%%

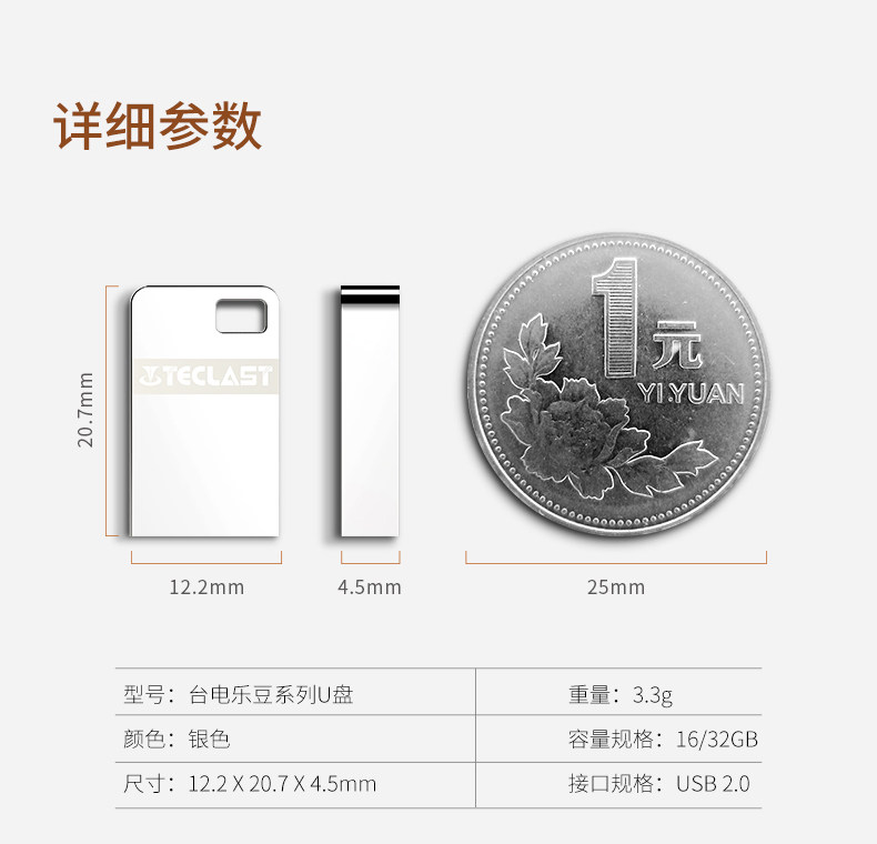 台电u盘乐豆16g 金属迷你16gu盘创意小U盘个性定制 防水加密优盘
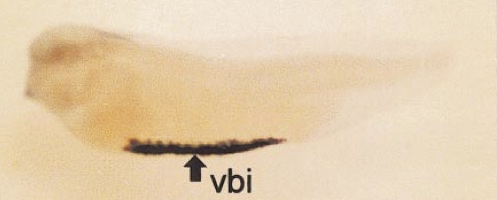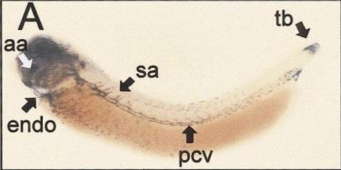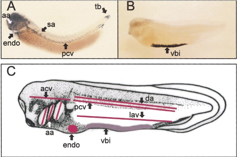 FIG. 2. Identification of vascular structures and ventral blood islands. Whole-mount in situ hybridization was performed on hatching- stage embryos (stage 33/34) using (A) X-msr to identify vascular tissue and (B) Beta-globin to identify the ventral blood islands. (C) Schematic diagram indicating the location of structures examined in this study. aa, aortic arches; acv, anterior cardinal vein; da, dorsal aorta; endo, endocardium; lav, lateral abdominal vein; pcv; posterior cardinal vein; sa, somitic arteries; tb, tailbud; vbi, ventral blood islands. |
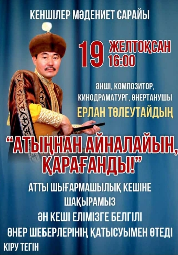 Во Дворце культуры горняков Караганды 19 декабря в 16:00 состоится творческий вечер певца, композитора, кинодраматурга, искусствоведа Ерлана Төлеутая «Атыңнан айналайын, Қарағанды!», сообщает сайт акимата Карагандинской области.
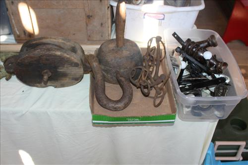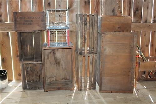 Items of Interest:2- 8Ft Cedar Wood Gutters, Industrial Dollie on Cast Wheels, Buggy Seat, Hand Carved Wood Bocci Balls, Chicken Crate Table, Chicken Nesting Box-Fresh Eggs.
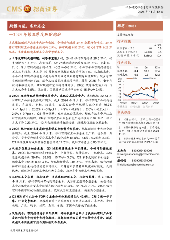 2024年第三季度 公募基金 资产配置 金融行业 银行理财
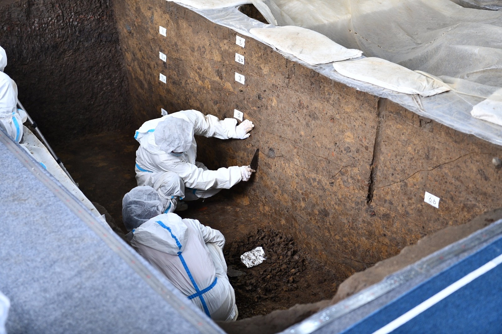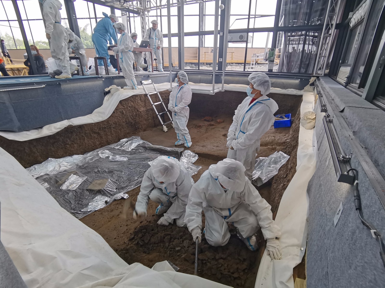 2021年3月24日,四川德阳广汉,实地探访三星堆遗址发掘现场。考古人员在发掘舱内工作。此次的发掘工作除了一些传统工具之外,还引入了一些“黑科技”:携式X射线荧光、扫描电镜、超景深显微镜……甚至从探方里挖出的泥土,都要取样装袋打上二维码进行存档,就像是给泥土也制作一张属于它们的身份证。
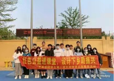 学第二党支部结合支部立项,前往漳州市芗城区、长泰区、诏安、云霄、漳浦、南靖等一市二区四县共9所学校,服务学生共计1200余人,以美育人,用艺术介入的方式传播红色文化,满足中小学生的精神文化需求。
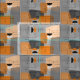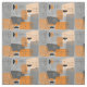 Mid-century modern space age abstract fabric in colours of grey, peach and orange on a grey background.
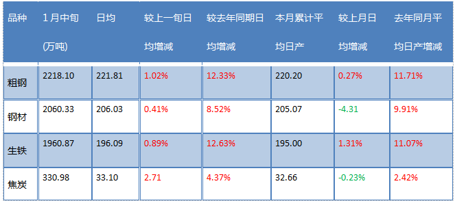 1、中鋼協(xié):1月中旬重點(diǎn)鋼企粗鋼日均產(chǎn)量221.81萬(wàn)噸
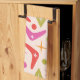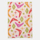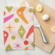Add vintage atomic style to your kitchen with this kitchen towel featuring Mid Century Boomerangs with Starbursts with Diamonds and Circles pattern in Orange, Pink, Red and Green.
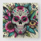 Pop Art Sugar Skull Square Wall Clock
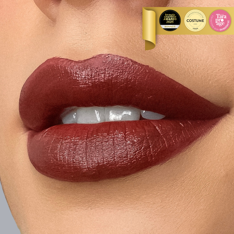 Velvet har en dyp, elegant nyanse med hint av plomme og brun. Den gir leppene et sofistikert og luksuriøst uttrykk – perfekt for høst, vinter og festlige anledninger.
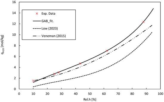 For CO2 capture applications, water adsorption onto solid species is an essential field of study [23,24,25]. The Guggenheim–Anderson–de Boer (GAB) model, an extension of the Brunauer–Emmet–Teller (BET) model, has proven to be the most accurate regarding solid sorbent adsorption. The equation for the GAB model is:
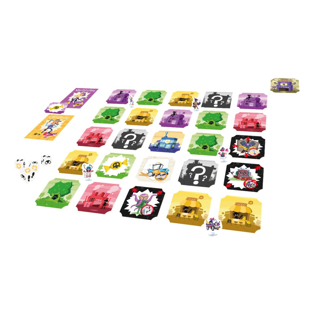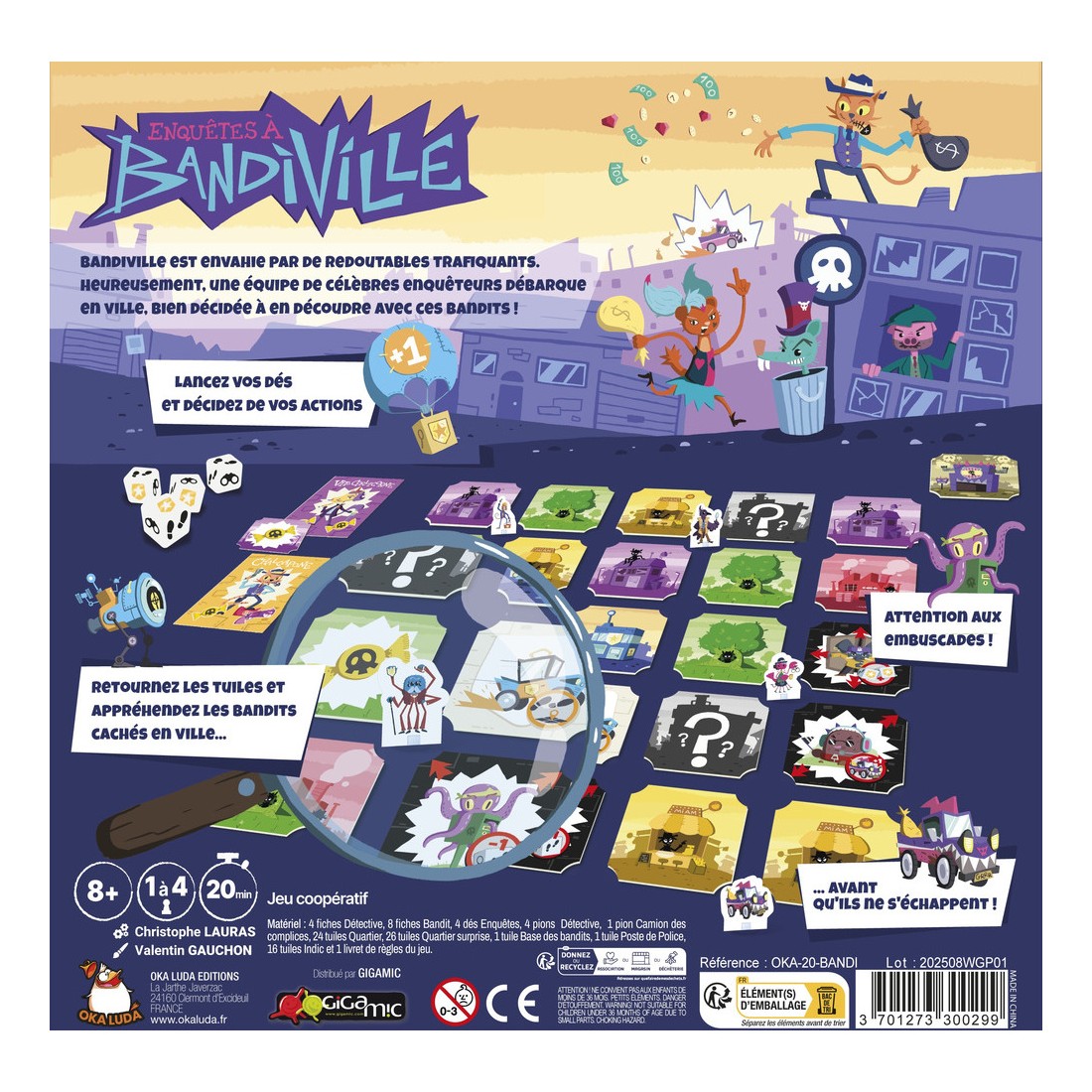 Bienvenue à Bandiville, une cité en proie à une vague de trafics orchestrée par une bande de redoutables bandits ! Aux côtés de Tarentule Poirot, Corbolumbo et leurs acolytes, menez l’enquête, fouillez les quartiers et coopérez pour les arrêter avant que le camion des complices ne boucle son tour de la ville. À chaque tour, lancez vos dés pour choisir vos actions : déplacements, espionnage ou arrestations.
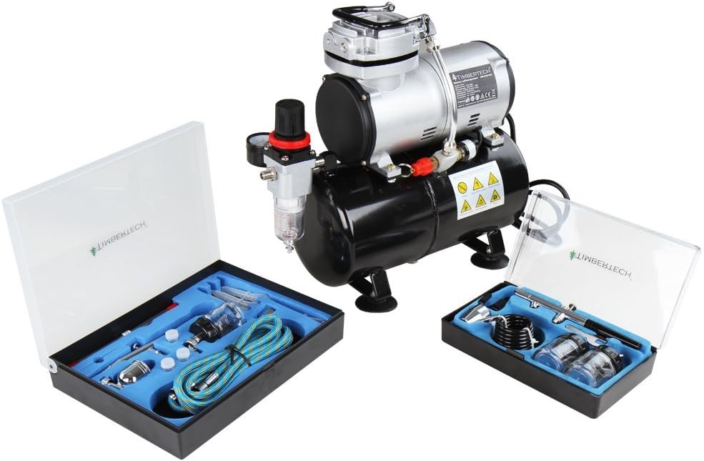 Das Timbertech ABPST06 Set ist aufgrund seiner soliden Ausstattung eine gute Wahl für Einsteiger, die ein zuverlässiges System suchen. Mit einer Bewertung von 4,4 von 5 Sternen überzeugt das Modell durch eine hohe Kundenzufriedenheit. Der enthaltene Kolbenkompressor sorgt für eine konstante Leistung, die den Einstieg in verschiedene Airbrush-Anwendungen erleichtert.
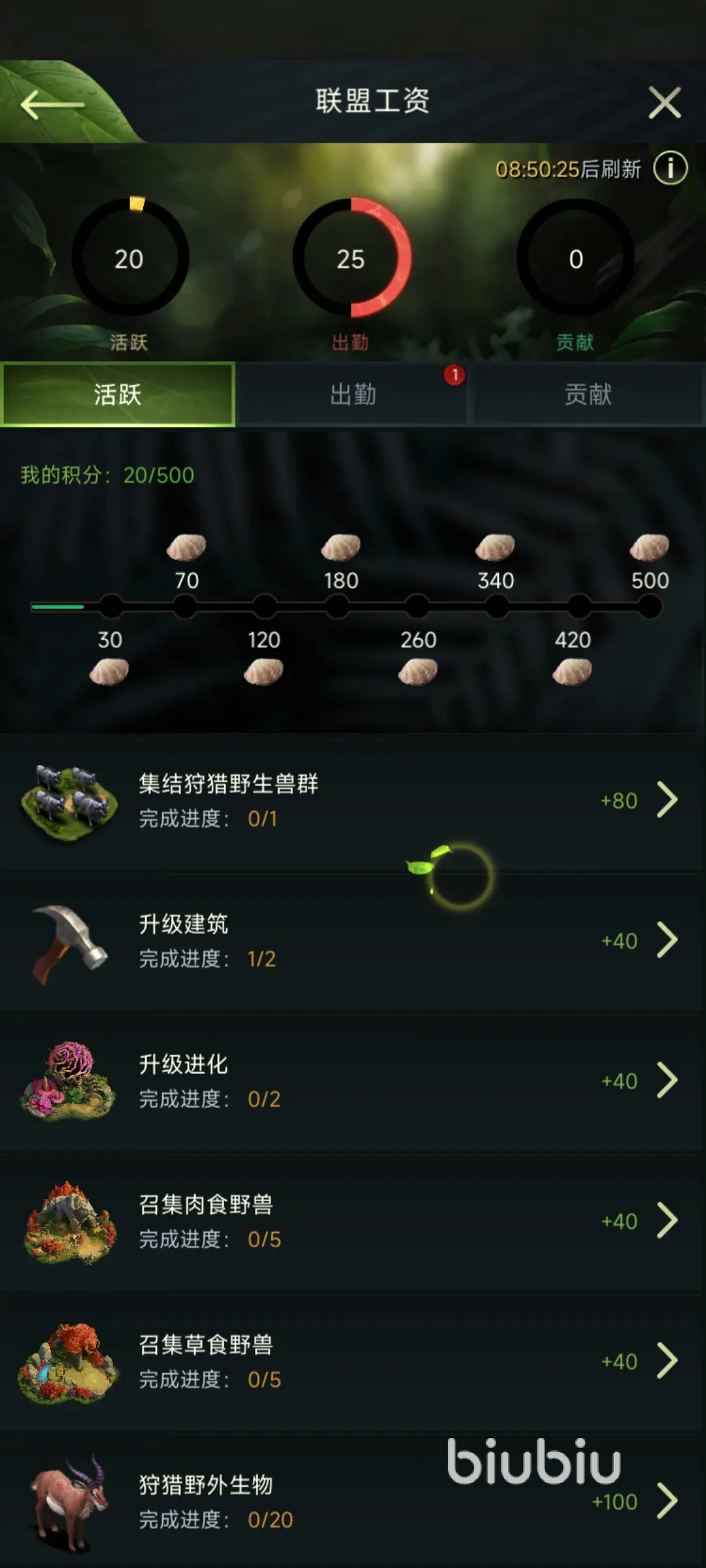 “联盟进化”当中有一个每日捐献,在其中可以对联盟进行加强,而且还能够得到联盟贡献,这个贡献值是可以在联盟商城里面购买物品的,比如加速,迁徙,保护罩等等有效道具都是可以购买的;连门里面除了福利,还有每日丰厚的工资之外,甚至还有联盟礼物可以获取,能够轻松的得到很多物品;而且联盟内的官员还能得到额外的资源;还可以集结盟友对兽群发起进攻,击败兽群还可得到大量的奖励。

%%

■ **DIRECTIONS**
With pictures excluded, the data must be transcribed in full and to the letter.

■ **EXERCISE ANSWER**
 台电u盘乐豆16g 金属迷你16gu盘创意小U盘个性定制 防水加密优盘
 FIG. 2. Identification of vascular structures and ventral blood islands. Whole-mount in situ hybridization was performed on hatching- stage embryos (stage 33/34) using (A) X-msr to identify vascular tissue and (B) Beta-globin to identify the ventral blood islands. (C) Schematic diagram indicating the location of structures examined in this study. aa, aortic arches; acv, anterior cardinal vein; da, dorsal aorta; endo, endocardium; lav, lateral abdominal vein; pcv; posterior cardinal vein; sa, somitic arteries; tb, tailbud; vbi, ventral blood islands. |
 Во Дворце культуры горняков Караганды 19 декабря в 16:00 состоится творческий вечер певца, композитора, кинодраматурга, искусствоведа Ерлана Төлеутая «Атыңнан айналайын, Қарағанды!», сообщает сайт акимата Карагандинской области.
 Items of Interest:2- 8Ft Cedar Wood Gutters, Industrial Dollie on Cast Wheels, Buggy Seat, Hand Carved Wood Bocci Balls, Chicken Crate Table, Chicken Nesting Box-Fresh Eggs.
 2024年第三季度 公募基金 资产配置 金融行业 银行理财
 2021年3月24日,四川德阳广汉,实地探访三星堆遗址发掘现场。考古人员在发掘舱内工作。此次的发掘工作除了一些传统工具之外,还引入了一些“黑科技”:携式X射线荧光、扫描电镜、超景深显微镜……甚至从探方里挖出的泥土,都要取样装袋打上二维码进行存档,就像是给泥土也制作一张属于它们的身份证。
 学第二党支部结合支部立项,前往漳州市芗城区、长泰区、诏安、云霄、漳浦、南靖等一市二区四县共9所学校,服务学生共计1200余人,以美育人,用艺术介入的方式传播红色文化,满足中小学生的精神文化需求。
 Mid-century modern space age abstract fabric in colours of grey, peach and orange on a grey background.
 1、中鋼協(xié):1月中旬重點(diǎn)鋼企粗鋼日均產(chǎn)量221.81萬(wàn)噸
Add vintage atomic style to your kitchen with this kitchen towel featuring Mid Century Boomerangs with Starbursts with Diamonds and Circles pattern in Orange, Pink, Red and Green.
 Pop Art Sugar Skull Square Wall Clock
 Velvet har en dyp, elegant nyanse med hint av plomme og brun. Den gir leppene et sofistikert og luksuriøst uttrykk – perfekt for høst, vinter og festlige anledninger.
 For CO2 capture applications, water adsorption onto solid species is an essential field of study [23,24,25]. The Guggenheim–Anderson–de Boer (GAB) model, an extension of the Brunauer–Emmet–Teller (BET) model, has proven to be the most accurate regarding solid sorbent adsorption. The equation for the GAB model is:
 Bienvenue à Bandiville, une cité en proie à une vague de trafics orchestrée par une bande de redoutables bandits ! Aux côtés de Tarentule Poirot, Corbolumbo et leurs acolytes, menez l’enquête, fouillez les quartiers et coopérez pour les arrêter avant que le camion des complices ne boucle son tour de la ville. À chaque tour, lancez vos dés pour choisir vos actions : déplacements, espionnage ou arrestations.
 Das Timbertech ABPST06 Set ist aufgrund seiner soliden Ausstattung eine gute Wahl für Einsteiger, die ein zuverlässiges System suchen. Mit einer Bewertung von 4,4 von 5 Sternen überzeugt das Modell durch eine hohe Kundenzufriedenheit. Der enthaltene Kolbenkompressor sorgt für eine konstante Leistung, die den Einstieg in verschiedene Airbrush-Anwendungen erleichtert.
 “联盟进化”当中有一个每日捐献,在其中可以对联盟进行加强,而且还能够得到联盟贡献,这个贡献值是可以在联盟商城里面购买物品的,比如加速,迁徙,保护罩等等有效道具都是可以购买的;连门里面除了福利,还有每日丰厚的工资之外,甚至还有联盟礼物可以获取,能够轻松的得到很多物品;而且联盟内的官员还能得到额外的资源;还可以集结盟友对兽群发起进攻,击败兽群还可得到大量的奖励。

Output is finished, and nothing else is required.